(What the exercise asks): Could you print the stretch of lines below from the one with "동국대 논술 2027 분석, 수능" through the one with "ManoManoGeneral description This", exactly as they stand and without any pictures?

(Provided material):
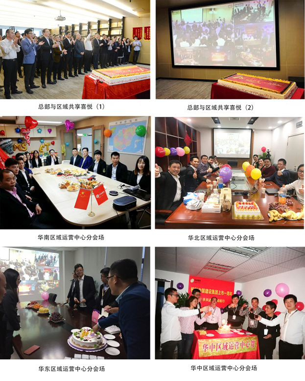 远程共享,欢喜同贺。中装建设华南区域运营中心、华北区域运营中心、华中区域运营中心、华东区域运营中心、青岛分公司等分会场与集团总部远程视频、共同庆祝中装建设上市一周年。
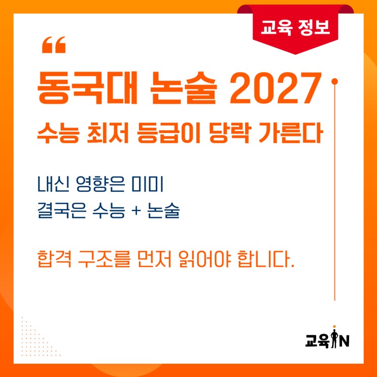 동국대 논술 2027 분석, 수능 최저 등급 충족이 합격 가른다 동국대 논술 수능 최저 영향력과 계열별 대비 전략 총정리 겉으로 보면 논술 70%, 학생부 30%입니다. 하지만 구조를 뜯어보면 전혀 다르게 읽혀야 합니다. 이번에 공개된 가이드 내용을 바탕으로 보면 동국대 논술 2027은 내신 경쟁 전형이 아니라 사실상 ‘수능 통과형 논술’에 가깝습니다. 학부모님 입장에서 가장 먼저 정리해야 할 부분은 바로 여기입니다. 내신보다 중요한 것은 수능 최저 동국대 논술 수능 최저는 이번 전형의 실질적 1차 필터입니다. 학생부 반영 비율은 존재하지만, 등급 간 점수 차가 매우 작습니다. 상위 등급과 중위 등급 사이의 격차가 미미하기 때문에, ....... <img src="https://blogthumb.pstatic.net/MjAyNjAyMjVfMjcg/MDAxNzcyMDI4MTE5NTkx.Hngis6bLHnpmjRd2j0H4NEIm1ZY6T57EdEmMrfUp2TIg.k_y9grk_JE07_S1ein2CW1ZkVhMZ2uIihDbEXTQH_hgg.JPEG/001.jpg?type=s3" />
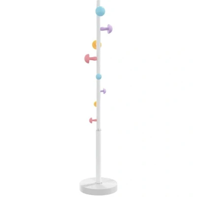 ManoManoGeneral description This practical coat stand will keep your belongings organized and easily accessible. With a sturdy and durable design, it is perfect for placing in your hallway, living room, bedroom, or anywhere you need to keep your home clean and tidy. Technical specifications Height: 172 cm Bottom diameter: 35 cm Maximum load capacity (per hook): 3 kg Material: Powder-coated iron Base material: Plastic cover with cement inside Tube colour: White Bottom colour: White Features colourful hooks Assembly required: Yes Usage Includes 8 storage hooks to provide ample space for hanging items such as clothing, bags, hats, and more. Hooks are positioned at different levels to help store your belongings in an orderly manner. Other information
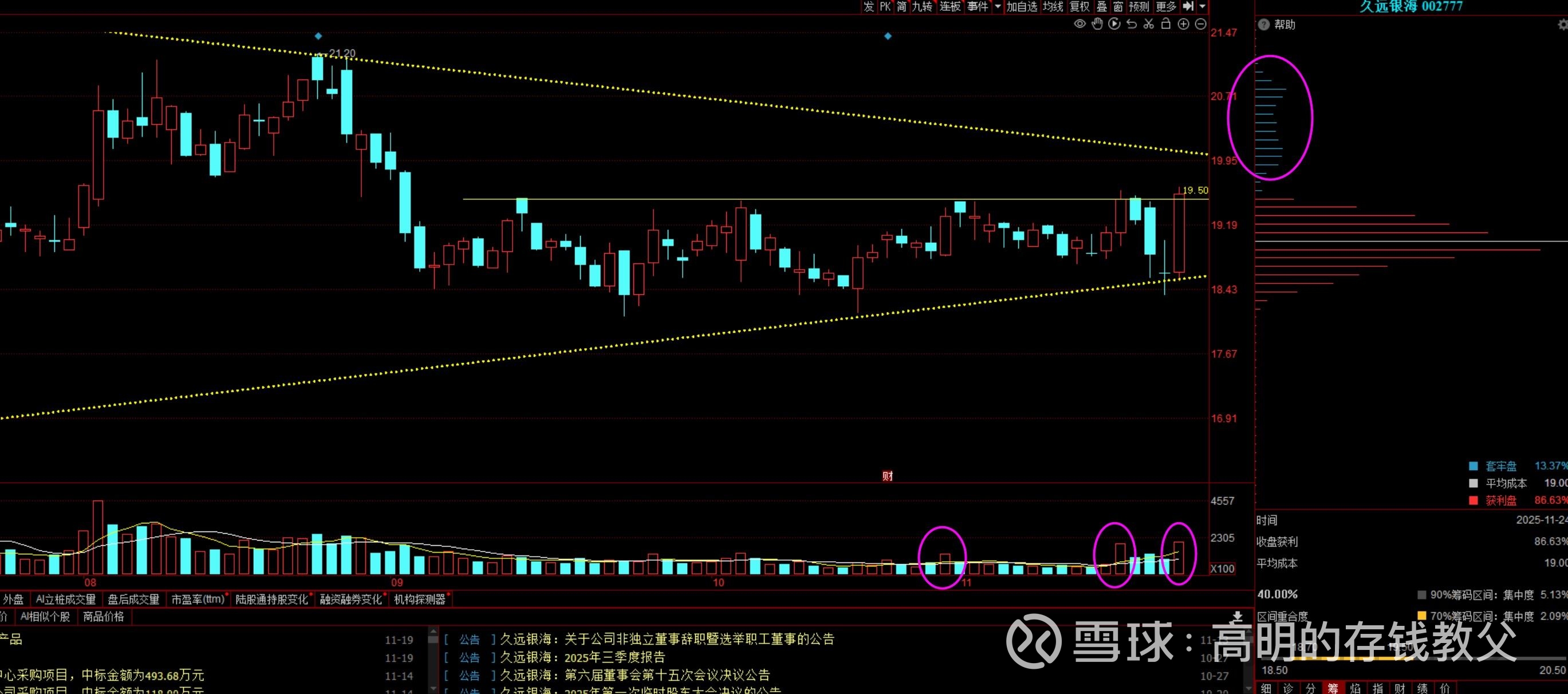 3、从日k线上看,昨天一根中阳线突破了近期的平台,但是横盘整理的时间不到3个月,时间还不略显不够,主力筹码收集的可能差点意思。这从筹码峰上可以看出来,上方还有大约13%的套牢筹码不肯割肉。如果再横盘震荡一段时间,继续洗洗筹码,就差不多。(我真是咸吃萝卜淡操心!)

(Exercise result):
 동국대 논술 2027 분석, 수능 최저 등급 충족이 합격 가른다 동국대 논술 수능 최저 영향력과 계열별 대비 전략 총정리 겉으로 보면 논술 70%, 학생부 30%입니다. 하지만 구조를 뜯어보면 전혀 다르게 읽혀야 합니다. 이번에 공개된 가이드 내용을 바탕으로 보면 동국대 논술 2027은 내신 경쟁 전형이 아니라 사실상 ‘수능 통과형 논술’에 가깝습니다. 학부모님 입장에서 가장 먼저 정리해야 할 부분은 바로 여기입니다. 내신보다 중요한 것은 수능 최저 동국대 논술 수능 최저는 이번 전형의 실질적 1차 필터입니다. 학생부 반영 비율은 존재하지만, 등급 간 점수 차가 매우 작습니다. 상위 등급과 중위 등급 사이의 격차가 미미하기 때문에, ....... <img src="https://blogthumb.pstatic.net/MjAyNjAyMjVfMjcg/MDAxNzcyMDI4MTE5NTkx.Hngis6bLHnpmjRd2j0H4NEIm1ZY6T57EdEmMrfUp2TIg.k_y9grk_JE07_S1ein2CW1ZkVhMZ2uIihDbEXTQH_hgg.JPEG/001.jpg?type=s3" />
 ManoManoGeneral description This practical coat stand will keep your belongings organized and easily accessible. With a sturdy and durable design, it is perfect for placing in your hallway, living room, bedroom, or anywhere you need to keep your home clean and tidy. Technical specifications Height: 172 cm Bottom diameter: 35 cm Maximum load capacity (per hook): 3 kg Material: Powder-coated iron Base material: Plastic cover with cement inside Tube colour: White Bottom colour: White Features colourful hooks Assembly required: Yes Usage Includes 8 storage hooks to provide ample space for hanging items such as clothing, bags, hats, and more. Hooks are positioned at different levels to help store your belongings in an orderly manner. Other information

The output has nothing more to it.